Als Jugendlicher, noch 16, hatte ich 1957 das Glück, dass ich nach der Probezeit bei Rolf Donath nach dem  Wintertraining dabei bleiben durfte! Als ich bei der Jugendmeisterschaft 1958 in Halberstadt Zweiter wurde, kam ich beglückt in die Nachwuchsförderung und ins Internat Brandberge. Die Betreuung, die Verpflegung, warme Dusche, das war schon toll, wenn man wie ich vorher ein kleines Privatzimmer  am Bergmannstrost hinter der Poliklinik Süd  bezogen hatte, damals Stalin-Allee, bei einem Rentnerehepaar Raue mit Kohleöfchen und Waschschüssel als Selbstversorger mit Einkäufen im Spätladen nach dem Training  hatte.

Ich war von Jena zur Berufsausbildung nach Halle auf die Zahntechnikerschule gekommen. Vorher hatte ich ab 7. Klasse im Sommer Hockey gespielt und im Winter bei der BSG Carl-Zeiss Wintersport.

Wir gingen dann nach Jena, weil es meine Heimatstadt ist und viel schöner als Halle. Vor allem aber wurde uns Beiden die Offerte als OL-Kader gemacht, – wir waren ja bereits verlobt, dass wir eine Neubauwohnung bekommen würden. Das war bei der Wohnungsknappheit ein tolles Privileg. Meine Laufbahn als Kadersportler scheiterte dann aber an den Ergebnissen der STASI-OPK=Operative Personenkontrolle für Reisekader wegen Westkontakten zu Sportkameraden wie Helmut Neumann und Manfred Letzerich und schwerwiegend, die Kontakte zu Max Danz, – familiär.

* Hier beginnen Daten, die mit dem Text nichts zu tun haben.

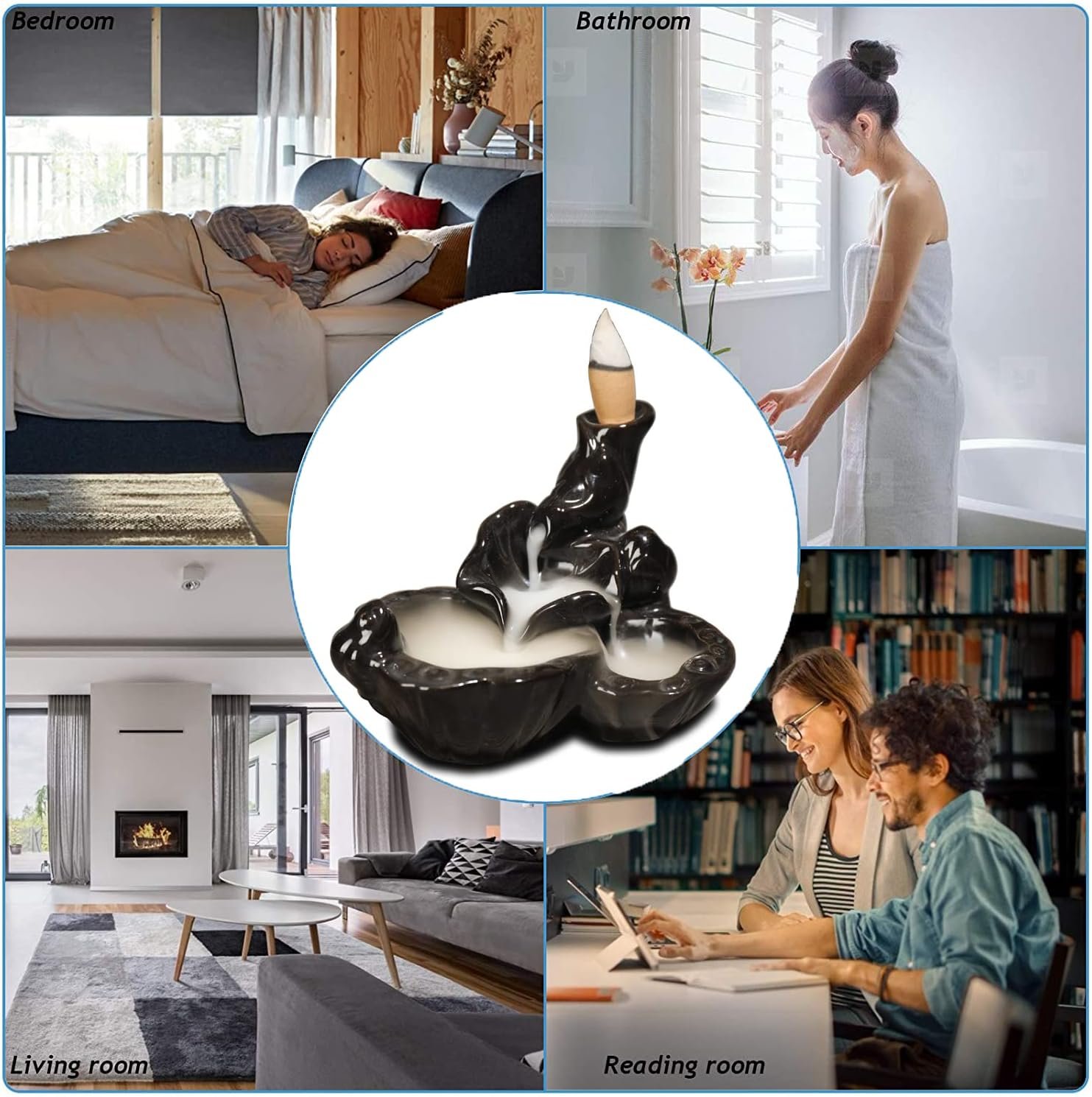 These waterfall backflow incense holder burners are suitable for many occasions. Lit an incense, a good smell of incense before the guests visit, it’s a courtesy. For yourself, refreshing, maintaining a pleasant body and mind, improving work efficiency.
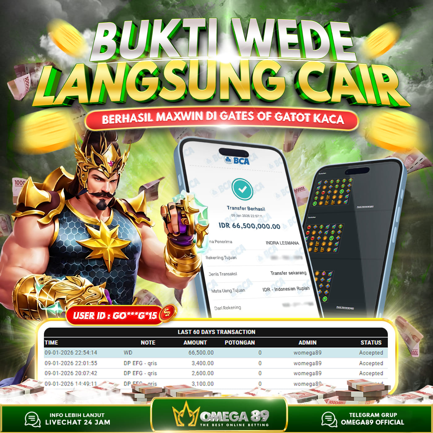 Selamat untuk Member OMEGA89 dengan User ID : GO***G*15 Telah berhasil memenangkan jackpot besar dalam permainan slot GATES OF GATOT KACA sebesar Rp.66.500.000, Lalu setelah melakukan pengisian formulir untuk melakukan withdraw dengan jeda waktu 3–5 menit pihak Customer Service Omega89 akan melakukan proses transfer ke rekening pribadi milik User ID tersebut dan dana yang sudah di withdraw bisa langsung di cairkan oleh pemenang jackpot. Bukti transfer atau pembayaran yang di berikan pihak Omega89 adalah bentuk bukti pemaabayaran yang VALID/SAH karena langsung dari bank tujuan yang digunakan.

Ost-West-Ausscheidungen 64 trotz Norm ade, Europa-Cup-Finale als damals Jahresbester mit 8:38,6 1965 in Stuttgart  von der STASI verhindert. Siehe Telegramm. Siegfried Hermann, ebenfalls in Ungnade gefallen, Kontakt zu Nöcker, musste auch zu Hause in Erfurt bleiben, obwohl er im August  über 3000m WR gelaufen war (7:46,0) und deutschen Fünftausend Meter-Rekord 13:30. Da wurde er bei dem WK in Potsdam beschissen. Alle, die mit stoppten, hatten auch hier WR, klar unter 13:30“. Den hielt aber Ron Clarke. Da er nach Tokio abserviert war. wäre das ein zu großes internationales Politikum gewesen. Bei der Dreitausend war ich mit im Feld.Die Trainingskonzeption ab 64 nach Tokio hatte übrigens sein Trainingspartner, mein enger Sportkamerad Fritz Schmidt in Anlehnung an Lydiard erstellt. Da gäbe es einiges zu sagen. Auch zu Fritzes Tochter Astrid! Ehemalige BRD-Junioren-Cross-Meisterin, sechs Mal bei Meisterschaften auf dem Podest! Die Eltern, ihre Mutter ist die Cousine von Siegfried Herrmann, saßen im STASI-Knast, versuchte Republikflucht! Von der Kirche frei gekauft! Fritz war mit Emil Zatopek befreundet. Es gibt ein Foto, wo seine Astrid als kleines Mädel auf Zatopeks schultern reitet.